Collected data
▬▬▬▬▬▬▬▬▬▬

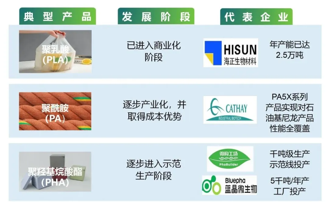 生物基材料是指利用生物质为原料或(和)经由生物制造得到的材料,包括由上述方式得到的生物醇、有机酸、烷烃、烯烃等基础生物基化学品和糖工程产品,也包括生物基聚合物、生物基塑料、生物基化学纤维、生物基橡胶、生物基涂料、生物基复合材料及各类生物基材料制得的制品等,广泛应用于医疗、电子、纺织、包装、食品等领域。随着生命科学基础研究不断取得创新性突破和合成生物等生物技术加速演进,生物基材料已成为引领当代世界科技创新和循环低碳经济发展的又一新兴产业,产品种类速增、经济性显著增强,国内已形成以聚乳酸(PLA)、聚酰胺(PA)率先产业化、聚羟基脂肪酸酯(PHA)等多种生物基材料快速发展的格局。据经合组织(OECD)预计,到2030年,全球大约有35%的化学品和其他工业产品来自生物制造,生物基材料迎来历史性发展机遇。
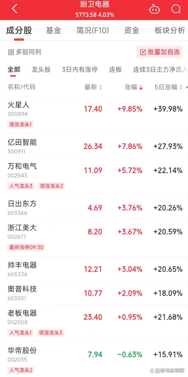 15点31分,厨卫电器板块个股中,火星人、亿田、万和、浙江美大、帅丰、老板电器、华帝股份全线上涨。其中,火星人领涨,涨幅为9.85%,亿田智能、万和电气紧跟其后,涨幅分别为7.86%和5.72%。
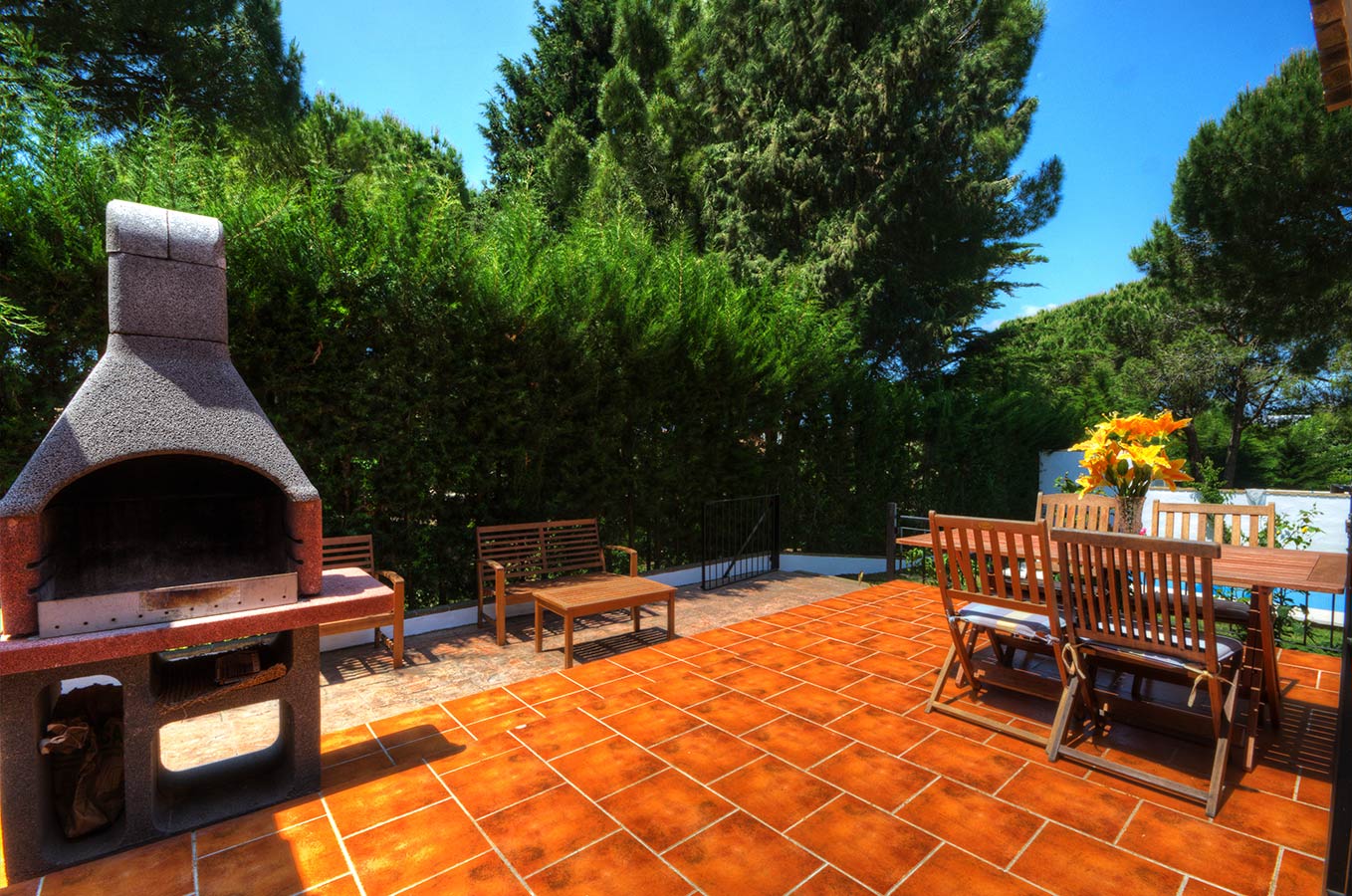 En el exterior podrán disfrutar de un porche con mobiliario de jardín, hamacas, barbacoa, amplias zonas ajardinadas, aparcamiento y piscina privada.
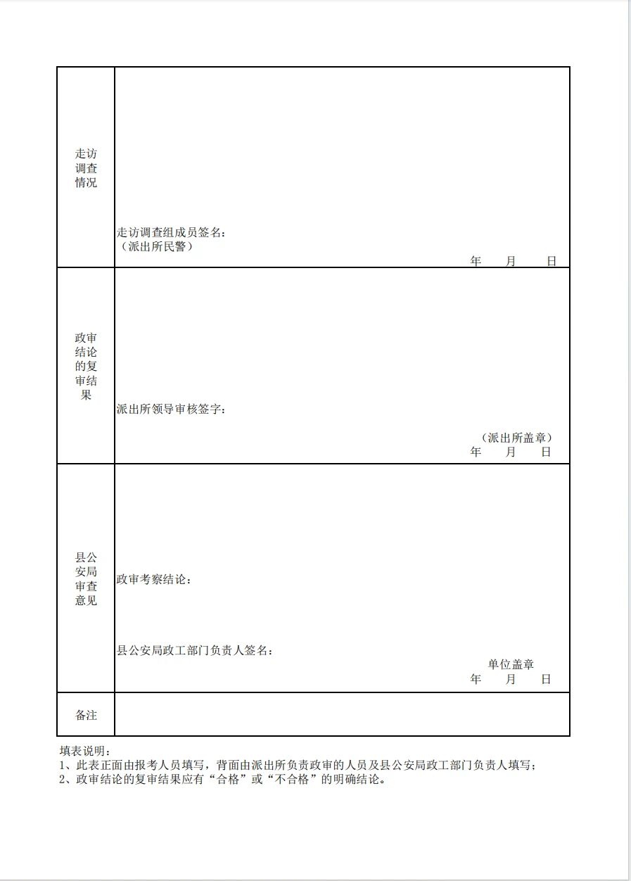 政審參照公安機(jī)關(guān)人民警察錄用政審標(biāo)準(zhǔn)執(zhí)行,由戶籍所在地派出所具體實(shí)施。

▬▬▬▬▬▬▬▬▬▬

To do
In copying the listing, reproduce each line exactly and omit the pictures.

Response to this task
 生物基材料是指利用生物质为原料或(和)经由生物制造得到的材料,包括由上述方式得到的生物醇、有机酸、烷烃、烯烃等基础生物基化学品和糖工程产品,也包括生物基聚合物、生物基塑料、生物基化学纤维、生物基橡胶、生物基涂料、生物基复合材料及各类生物基材料制得的制品等,广泛应用于医疗、电子、纺织、包装、食品等领域。随着生命科学基础研究不断取得创新性突破和合成生物等生物技术加速演进,生物基材料已成为引领当代世界科技创新和循环低碳经济发展的又一新兴产业,产品种类速增、经济性显著增强,国内已形成以聚乳酸(PLA)、聚酰胺(PA)率先产业化、聚羟基脂肪酸酯(PHA)等多种生物基材料快速发展的格局。据经合组织(OECD)预计,到2030年,全球大约有35%的化学品和其他工业产品来自生物制造,生物基材料迎来历史性发展机遇。
 15点31分,厨卫电器板块个股中,火星人、亿田、万和、浙江美大、帅丰、老板电器、华帝股份全线上涨。其中,火星人领涨,涨幅为9.85%,亿田智能、万和电气紧跟其后,涨幅分别为7.86%和5.72%。
 En el exterior podrán disfrutar de un porche con mobiliario de jardín, hamacas, barbacoa, amplias zonas ajardinadas, aparcamiento y piscina privada.
 政審參照公安機(jī)關(guān)人民警察錄用政審標(biāo)準(zhǔn)執(zhí)行,由戶籍所在地派出所具體實(shí)施。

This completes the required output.